I've heard Stefan Pochmann's method is good and would like to hear about more suggestions.
I would like anyone who can help, to share their past experences.

Any help would be greatly appreciated. Thanks


----------



## wrbcube4 (Oct 13, 2009)

I would learn Old Pochmann (the one you are talking about) or 3OP. Both are very good for beginners. I Learned Old Pochmann in about 2 or 3 days and did pretty well.
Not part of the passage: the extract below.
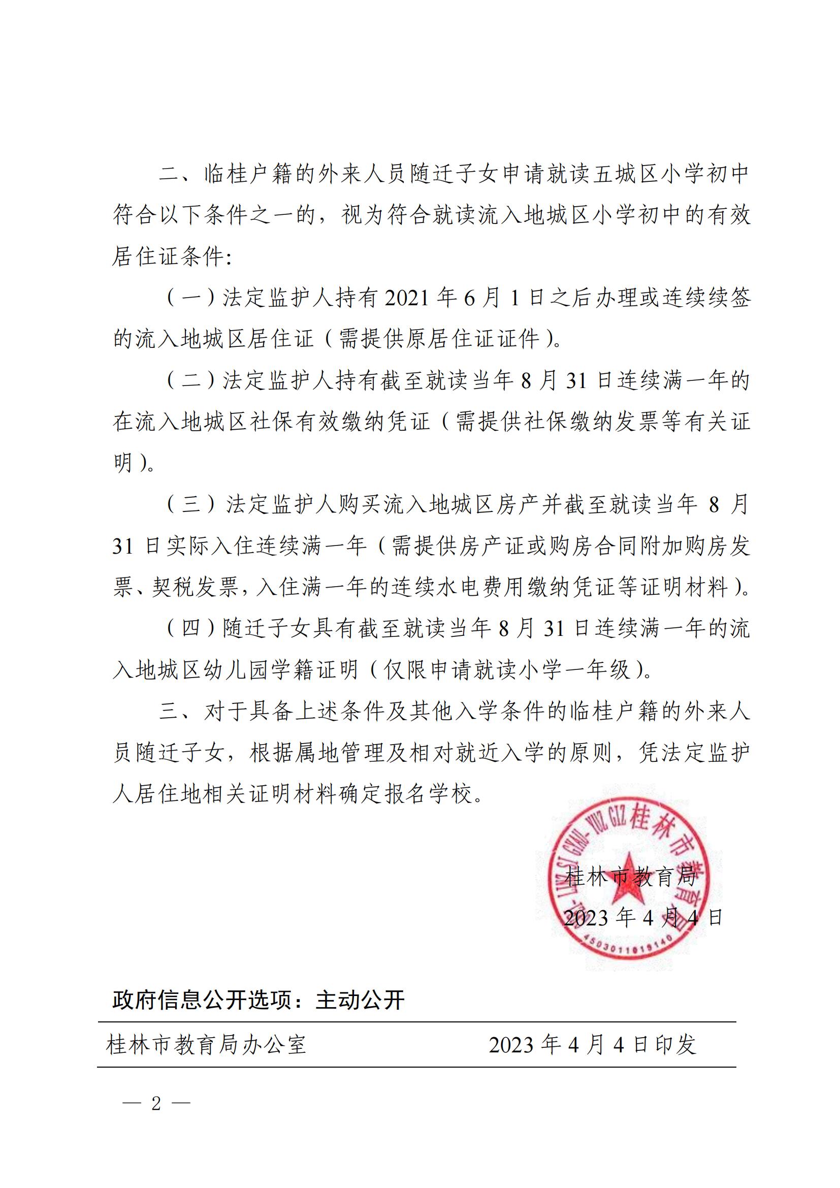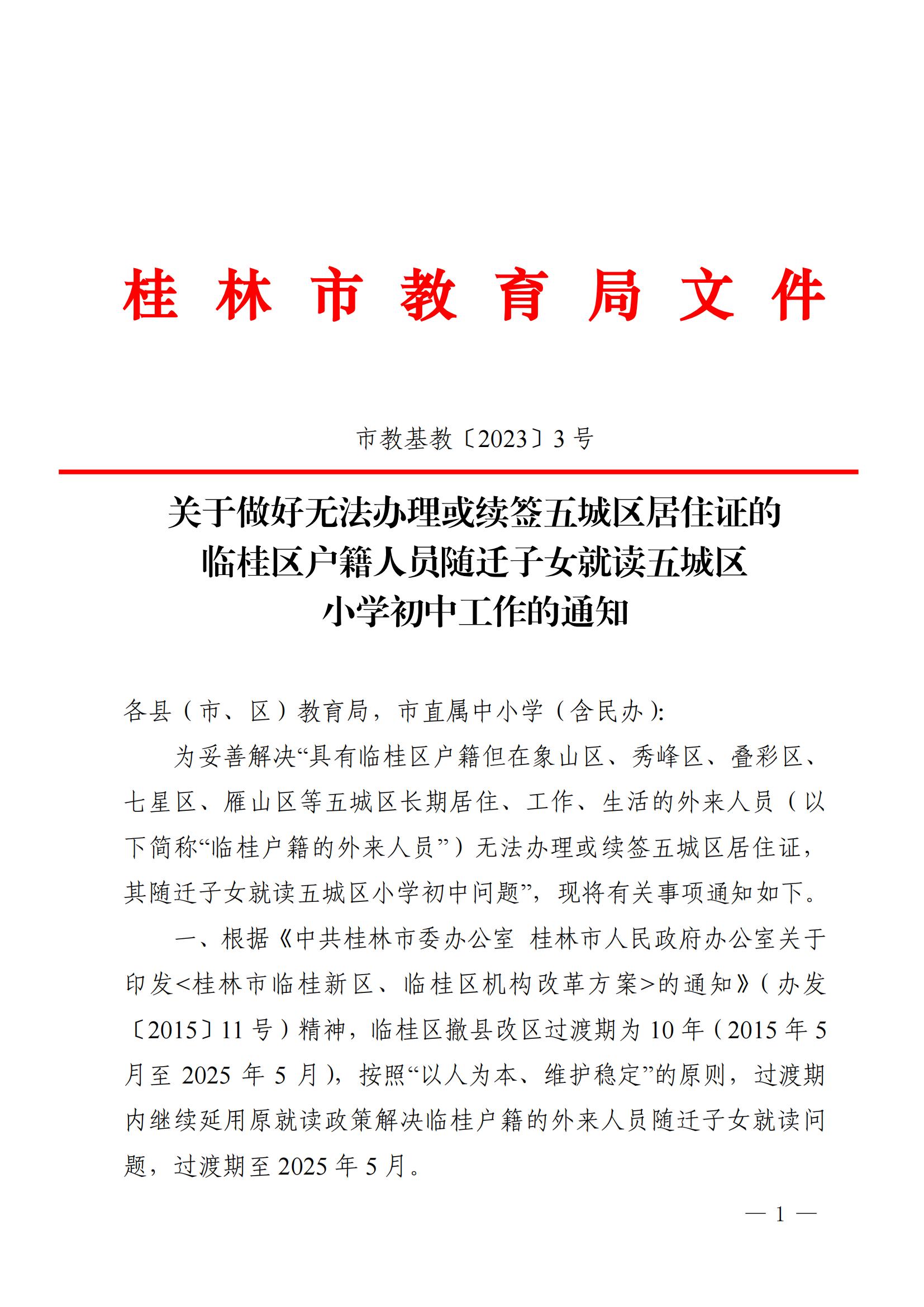 市教基教〔2023〕3 号 关于做好无法办理或续签五城区居住证的临桂区户籍人员随迁子女就读五城区小学初中工作的通知

Try both.
Old Pochmann: http://solvethecube.110mb.com/index.php?location=blindfold
3OP: http://www.cubefreak.net/BLD/3OP_guide.html


----------



## martijn_cube (Oct 13, 2009)

I started to learn old pochmann. once i understood that i directly went to M2 for edges and pochmann for corners. M2 is almost the same as old pochmann. so once you understand the concept of blind solving it's pretty easy to go further. Even TuRBo is pretty easy to understand once you understand Pochmann. Anyway that was my experience.
I never used 3OP so cant say much about that. 
The difference between pochmann(M2, TuRBo) and 3OP is that with pochmann you solve orientation and permutation in one step. and with 3OP they are two separate steps. My id was that i liked the first one more .


----------



## yoruichi (Oct 14, 2009)

3 cycle owange


----------



## Rubenx96 (Oct 15, 2009)

blindfolding is so kool


----------



## Zane_C (Oct 15, 2009)

thanks, I will learn porchmann


----------



## yoruichi (Oct 15, 2009)

NO I SAID 3 CYCLOID NAO


----------



## Weston (Oct 15, 2009)

I would listen to Alex if i were you. lol

I so M2 edges and 3 cycle corners.
M2 is my favorite edge method by far.


----------



## RainbowBoy (Oct 15, 2009)

ARGH
This BLD is so hard!
I am not patient enough to read and do all this, 
looks like I'm not fit for blind =.=


----------



## peedu (Oct 15, 2009)

RainbowBoy said:


> ARGH
> This BLD is so hard!
> I am not patient enough to read and do all this,
> looks like I'm not fit for blind =.=



Take it slow.
Choose which way you keep the cube. Standard color scheme and standard orientation would be: top-white, front-red, right-blue, left-green, back-orange, yellow-down.
Choose a way to remember the stickers. Write/draw it on a paper. Choose only edges or only corners for start.
Write down your memory sequence.
Write down the scramble. Try. Take the same scramble. Try with looking.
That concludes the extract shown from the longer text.